Work instructions: Although the entries contain pictures, the copy should hold only their exact text.

Working data:
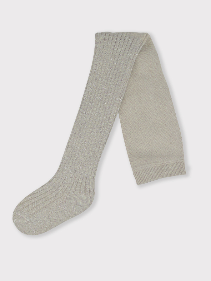 NOVITI RB005-G-02 Rajstopy prążek beż ze srebrnym lureksem 128/134
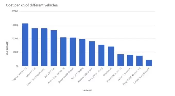 在范围最底层是SpaceX的猎鹰9号火箭,它们已经显示出将宇宙飞船送入太空的成本降低了3-5倍。即便如此,它还是需要降低成本。
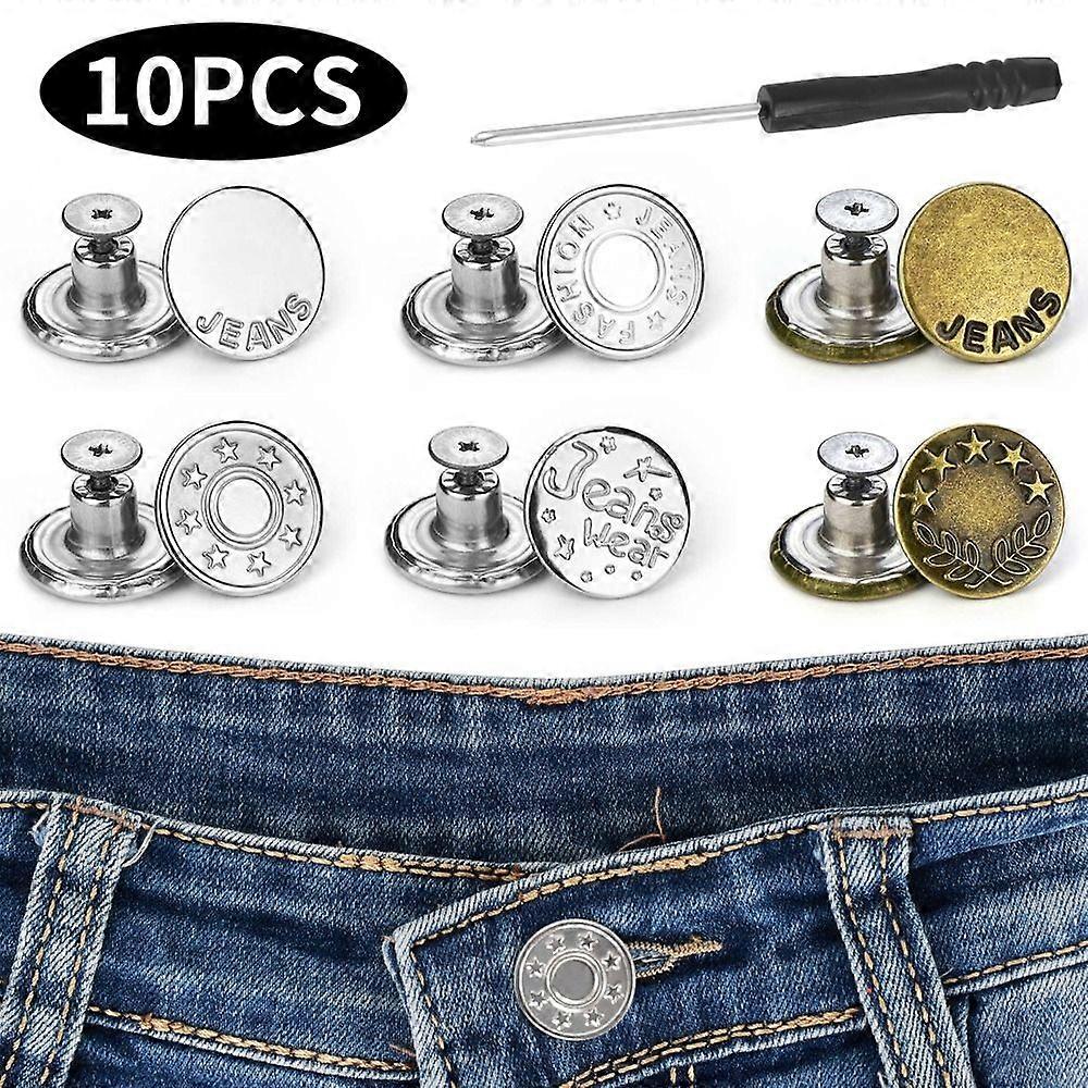 10Pcs/pack 17mm Nail Free Adjustable Waist Extenders Buttons Jeans Waist Buttons Detachable Clothing Pants Waist Buckle
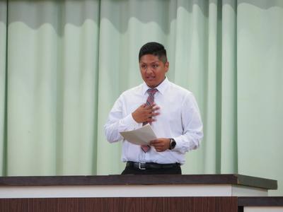 本渡校舎での親任式に引き続き、新しいALTのアラン先生にお越しいただきました。
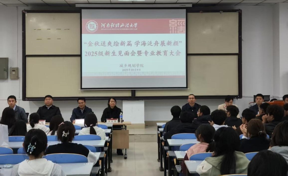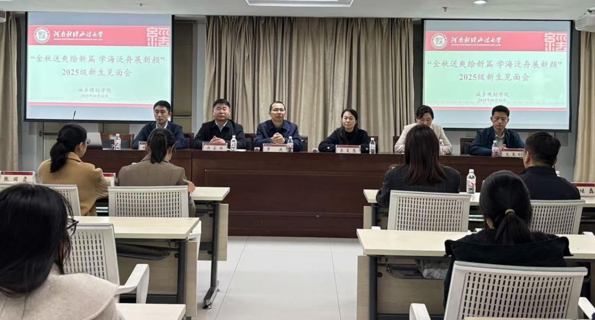 10月9日—10日,城乡规划学院在文北校区与郑东校区相继举行以“金秋送爽绘新篇,学海泛舟展新颜”为主题的2025级新生见面会,学院全体领导班子成员、各教研室主任、优秀教师代表、教学科研工作负责人、高年级学生代表以及全体2025级新生齐聚一堂,共同开启大学生活的美好篇章。我院优秀校友代表彭鑫、杨慧敏受邀参加大会,会议由学院党委副书记韩娜主持。
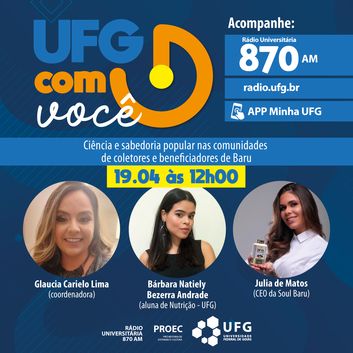 UFG com você - Ciência e sabedoria popular nas comunidades de coletores e beneficiadores de Baru Evento Local: Rádio Universitária 870 AM Data evento : 19 aprile 2023 alle 12:00 TweetWhatsApp Elenca tutto Volver
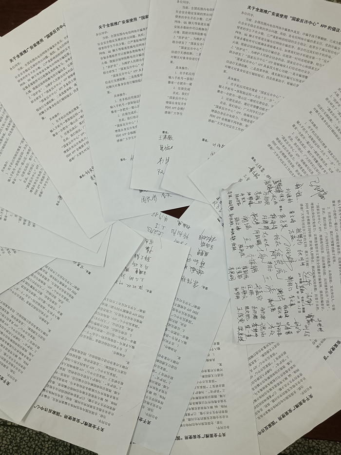 落实防诈骗倡议书,达成反诈骗共识。10月1日-15日,各班级开展了班级防诈骗集中倡议,引导全体同学安装使用“国家反诈中心”APP,安装率达100%。学院希望通过倡议引导,让学生充分认识“国家反诈中心”APP在信息预警、快速举报、警示教育等方面的有效性和实用性。2022级电子商务班叶暕同学表示,“反诈骗从我做起,发动身边人,共同接种反诈‘疫苗’,增强自身反诈‘免疫力’。”

Result for this task:
 NOVITI RB005-G-02 Rajstopy prążek beż ze srebrnym lureksem 128/134
 在范围最底层是SpaceX的猎鹰9号火箭,它们已经显示出将宇宙飞船送入太空的成本降低了3-5倍。即便如此,它还是需要降低成本。
 10Pcs/pack 17mm Nail Free Adjustable Waist Extenders Buttons Jeans Waist Buttons Detachable Clothing Pants Waist Buckle
 本渡校舎での親任式に引き続き、新しいALTのアラン先生にお越しいただきました。
 10月9日—10日,城乡规划学院在文北校区与郑东校区相继举行以“金秋送爽绘新篇,学海泛舟展新颜”为主题的2025级新生见面会,学院全体领导班子成员、各教研室主任、优秀教师代表、教学科研工作负责人、高年级学生代表以及全体2025级新生齐聚一堂,共同开启大学生活的美好篇章。我院优秀校友代表彭鑫、杨慧敏受邀参加大会,会议由学院党委副书记韩娜主持。
 UFG com você - Ciência e sabedoria popular nas comunidades de coletores e beneficiadores de Baru Evento Local: Rádio Universitária 870 AM Data evento : 19 aprile 2023 alle 12:00 TweetWhatsApp Elenca tutto Volver
 落实防诈骗倡议书,达成反诈骗共识。10月1日-15日,各班级开展了班级防诈骗集中倡议,引导全体同学安装使用“国家反诈中心”APP,安装率达100%。学院希望通过倡议引导,让学生充分认识“国家反诈中心”APP在信息预警、快速举报、警示教育等方面的有效性和实用性。2022级电子商务班叶暕同学表示,“反诈骗从我做起,发动身边人,共同接种反诈‘疫苗’,增强自身反诈‘免疫力’。”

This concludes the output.